A localization probability of GRF1 in Camelina sativa.
Protein-protein interaction has shown that GRF interacts with other transcription factors such as GRF family proteins, At2g14440 serine/threonine-protein kinase, BEL1-like homeodomain protein 5, etc. These two proteins are directly or indirectly involved in plant reactions to abiotic stresses, including salt stress (Hewezi et al., 2012; Kim et al., 2012). The presence of a QLQ domain for protein–protein interactions, a WRC domain for DNA binding, and a potential nuclear localization signal characterize these proteins. All GRF modules, from 1 to 10, play an essential role in angiosperm growth and development.

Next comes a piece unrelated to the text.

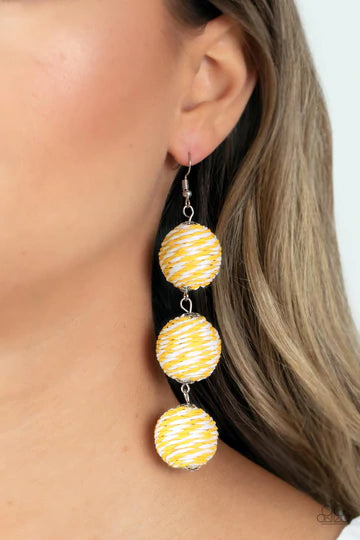 A woven collection of Illuminating and white crepe-like strings ornately wraps around three hanging beads, reminiscent of decorative party lanterns. Earring attaches to a standard fishhook fitting.
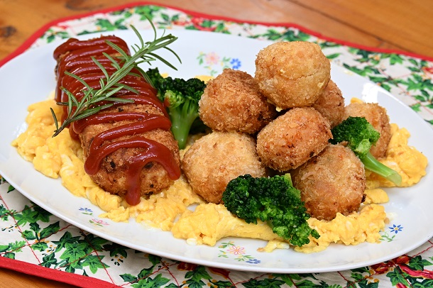 - 鍋に油を入れ、1に材料Bを米粉、溶き卵、パン粉の順につけ、きつね色になるまで揚げる。

It determines the ultimate size and form of the leaf organ by regulating the meristematic potential of primordial cells during leaf development. The GRF pair is a pre-requisite for the production of floral organs. In mature leaves, it is also involved in controlling leaf survival and photosynthetic quality. Significantly, the monocot GRF duo also promoted the yield characteristics that guarantee crop productivity, such as grain size and panicle architecture. The GRF gene has a charophyte origin study of GRFs in the most primitive land plants, and charophytes might give information on their significance in an essential lineage of life's evolutionary developmental history (Kim, 2019).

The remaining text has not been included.